**About this task**
Only the lines from the start of the data to the line containing "Матрас из кокосовой", both included, should be output, exactly and without pictures.

**Data for this task**
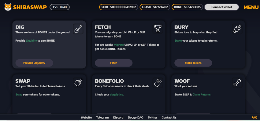 A plataforma ShibaSwap, lançada em julho de 2021, oferece uma infinidade de recursos. O recurso “Dig” permite que os usuários forneçam liquidez à DEX em troca de BONES. Já o staking em qualquer um desses pools pode render uma grande quantidade de juros ao longo do tempo, mas 66% dos retornos serão bloqueados por 6 meses. Essa regra evitará que os stakers do ShibaSwap vendam uma grande parte de seus tokens recém-adquiridos imediatamente e deve ajudar a manter seus preços altos.
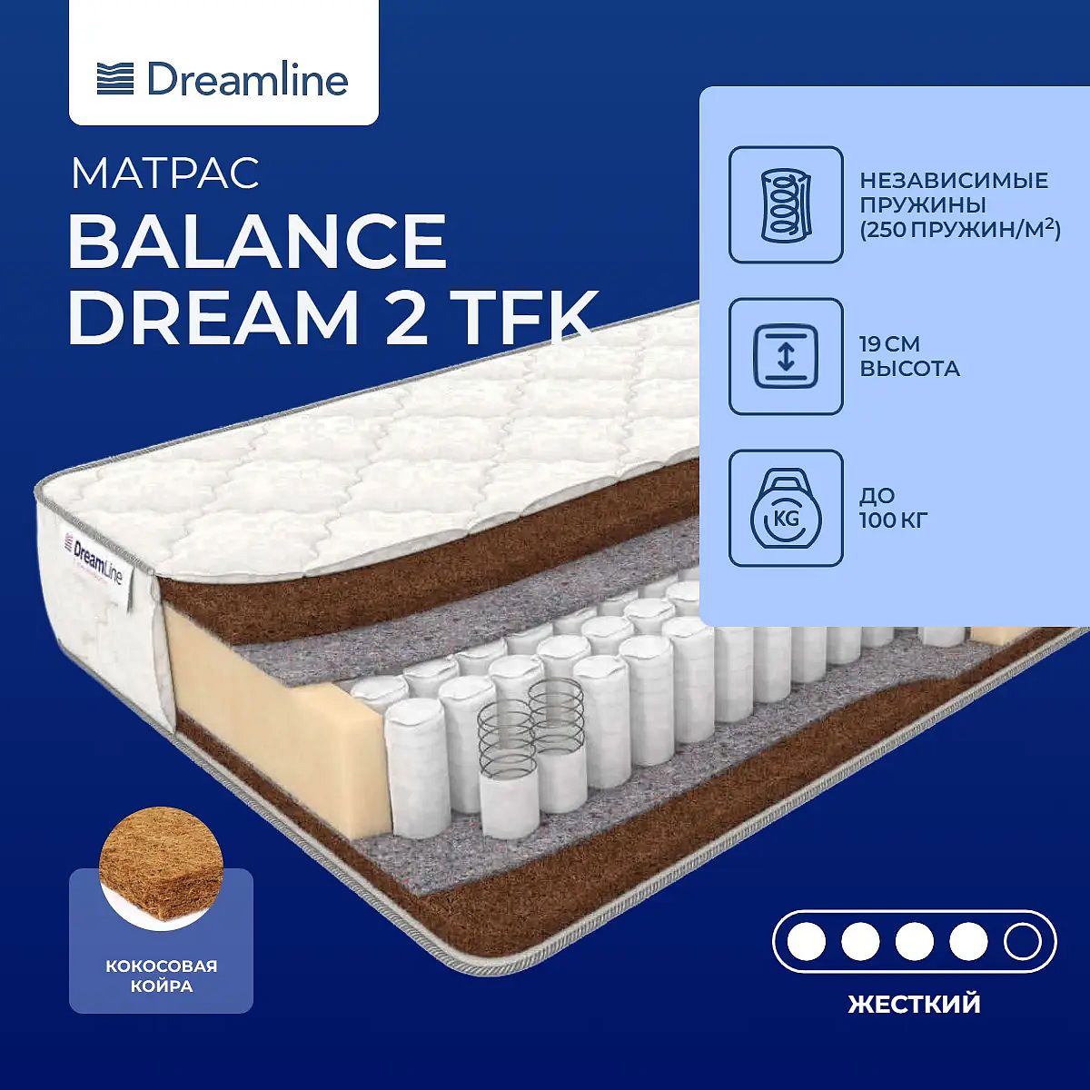 Матрас из кокосовой койры на пружинах TFK. Экологичный наполнительЖесткая поверхность матраса создается за счет слоя кокосовой койры. Это экологически чистый материал природного происхождения, прочный и износостойкий.Автономные пружиныПружинный блок представляет собой 250 микропружин цилиндрической формы на один кв. метр. Каждая помещена в отдельный тканевый чехол и работает автономно. Все чехлы соединены между собой, что обеспечивает прочность и износостойкость всей конструкции.Чехол из жаккардаЧехол модели выполнен из плотного хлопкового жаккарда.Защита матрасаДля защиты поверхности матраса от пятен и пыли незаменимым будет защитный наматрасник-чехол или водонепроницаемый наматрасник. Он сохранит поверхность свежей и продлит срок службы самого матраса.Другие моделиМодель умеренно-жесткая, также вы можете посмотреть похожую модель - Dreamline Holl Hard TFK. Ели вы хотите матрас помягче, тогда посмотрите матрас Dreamline Дачный.
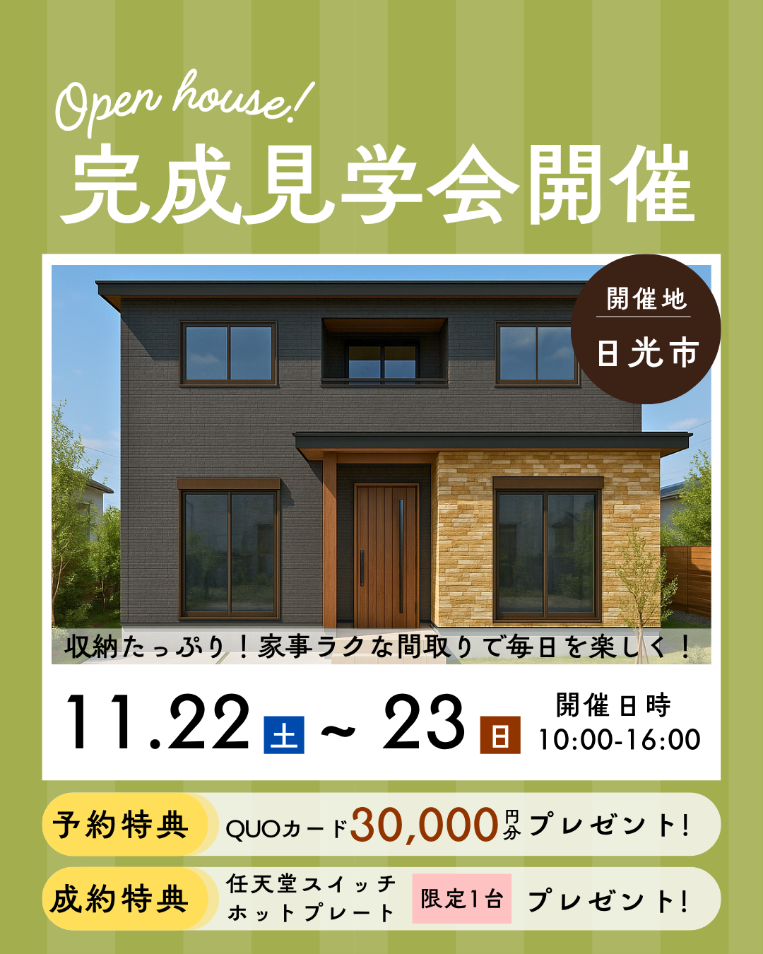 【日光市】完成見学会開催!11/22(金)〜11/23(日) 限定
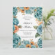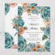 A beautiful floral wedding design featuring watercolor teal roses and soft coral daisies arranged in elegant corners on a clean white background. Perfect for modern romantic weddings, bridal showers, or engagement invitations. This design blends classic charm with a touch of contemporary style, creating a timeless and sophisticated look for your special day.
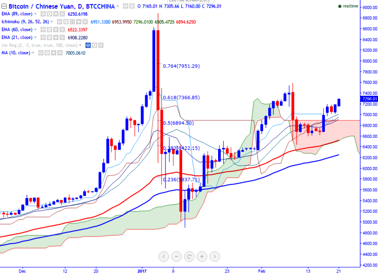 BTC/CNY is seen trading above on Tuesday. The pair has jumped till 7305after breaking minor resistance at 7200 high made on Feb 18th, 2017 high (BTCCHINA). It is currently trading around 7396 at the time of writing.
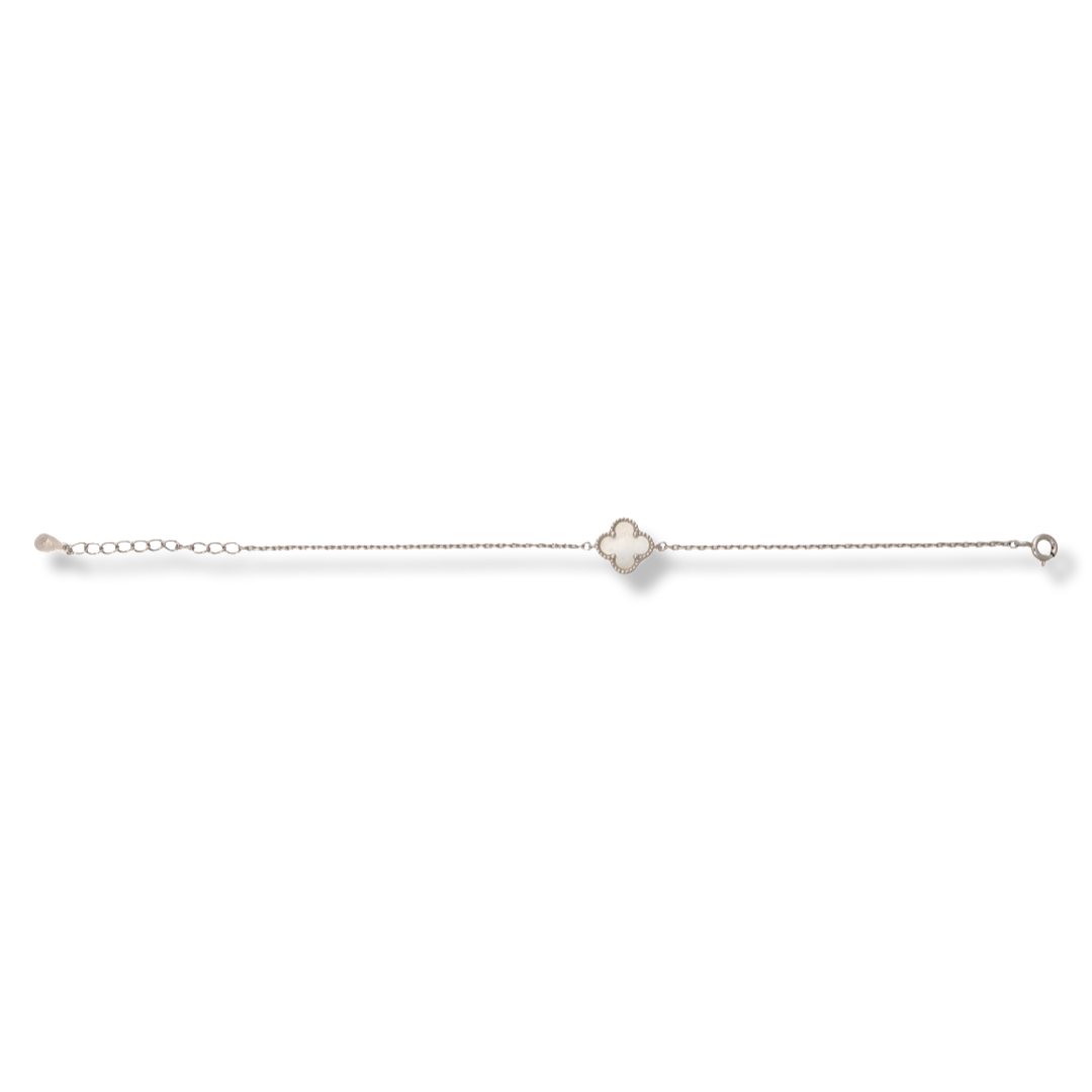 Изчистена и елегантна дамска гривна с регулируем размер и класическа плетка, изработена изцяло от родирано сребро, съчетано с изящно цвете от нежен седеф.

**Exercise response**
 A plataforma ShibaSwap, lançada em julho de 2021, oferece uma infinidade de recursos. O recurso “Dig” permite que os usuários forneçam liquidez à DEX em troca de BONES. Já o staking em qualquer um desses pools pode render uma grande quantidade de juros ao longo do tempo, mas 66% dos retornos serão bloqueados por 6 meses. Essa regra evitará que os stakers do ShibaSwap vendam uma grande parte de seus tokens recém-adquiridos imediatamente e deve ajudar a manter seus preços altos.
 Матрас из кокосовой койры на пружинах TFK. Экологичный наполнительЖесткая поверхность матраса создается за счет слоя кокосовой койры. Это экологически чистый материал природного происхождения, прочный и износостойкий.Автономные пружиныПружинный блок представляет собой 250 микропружин цилиндрической формы на один кв. метр. Каждая помещена в отдельный тканевый чехол и работает автономно. Все чехлы соединены между собой, что обеспечивает прочность и износостойкость всей конструкции.Чехол из жаккардаЧехол модели выполнен из плотного хлопкового жаккарда.Защита матрасаДля защиты поверхности матраса от пятен и пыли незаменимым будет защитный наматрасник-чехол или водонепроницаемый наматрасник. Он сохранит поверхность свежей и продлит срок службы самого матраса.Другие моделиМодель умеренно-жесткая, также вы можете посмотреть похожую модель - Dreamline Holl Hard TFK. Ели вы хотите матрас помягче, тогда посмотрите матрас Dreamline Дачный.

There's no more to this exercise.